Nachtlied - Kapitel 162
El cielo sobre el mundo marcial está despejado - Parte uno: El cielo sobre el mundo marcial está despejado - Capítulo tres (1)
Nadie sabía de dónde venía esta mujer. Era como una flor de Udumbara que florece en una montaña desierta después de la lluvia, apareciendo y desapareciendo sin dejar rastro, para luego aparecer repentinamente en el mundo marcial.
Era de una belleza deslumbrante, pero a la vez caprichosa e impredecible. Confiando en su increíble habilidad para envenenar, actuaba temerariamente; su naturaleza era malvada y sus métodos, despiadados. En una ocasión, cegó a alguien simplemente porque la miró, y en otra, envenenó a toda la familia de parientes que habían acosado a una pobre viuda y a su huérfano.
Llevaba apenas tres años en el mundo de las artes marciales, pero ya se había ganado innumerables enemigos mortales. Sin embargo, parecía que cuantos más enemigos tenía, más feliz era; cuanto más difícil era provocar a la gente, más ganas tenía de hacerlo; y cuanto más se encontraba en emboscada, más despreocupada y desinhibida se sentía.
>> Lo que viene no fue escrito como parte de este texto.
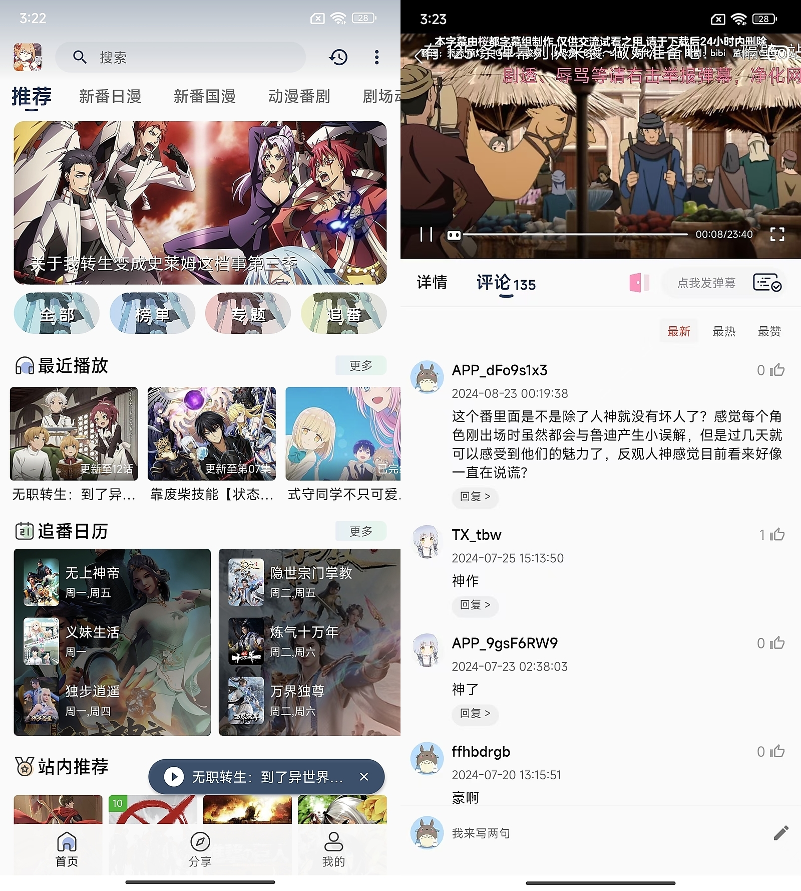 3、用户们可以在观看动漫的时候发送实时的弹幕与其他用户进行交流或者吐槽,提升看番沉浸感!

Sin embargo, esta belleza aparentemente malvada y psicológicamente retorcida, al ser perseguida sin descanso por sus enemigos e intentar desesperadamente cruzar el mar en barco, descendió como una diosa al campo de batalla donde los héroes chinos se enfrentaban a los piratas japoneses, y arriesgó su vida para cambiar el rumbo de la batalla.
Aunque Yu Xiaoyao era malvada, se sacrificó por su país en la batalla de la Isla de la Ballena Gigante en el Mar de China Oriental, y todos la admiraban. Por ello, en el mundo de las artes marciales dejó de ser conocida como una demonia y pasó a llamarse respetuosamente "Tabo Xilai" en honor a la pequeña embarcación que surcó las olas en la sangrienta batalla, bañada por el resplandor del cielo.
Si bien las rencillas familiares no se olvidan, el odio nacional las supera. Por lo tanto, incluso el enemigo, liderado por la familia Tie de Jiangnan, guardó silencio sobre la sangrienta venganza, como muestra de respeto hacia la valiente pero cruel mujer, Yu Xiaoyao.
Al recordar el pasado, los triunfos rápidos y decisivos de sus predecesores, y las leyendas trágicas y heroicas del mundo de las artes marciales, ambos sintieron una sensación de nostalgia.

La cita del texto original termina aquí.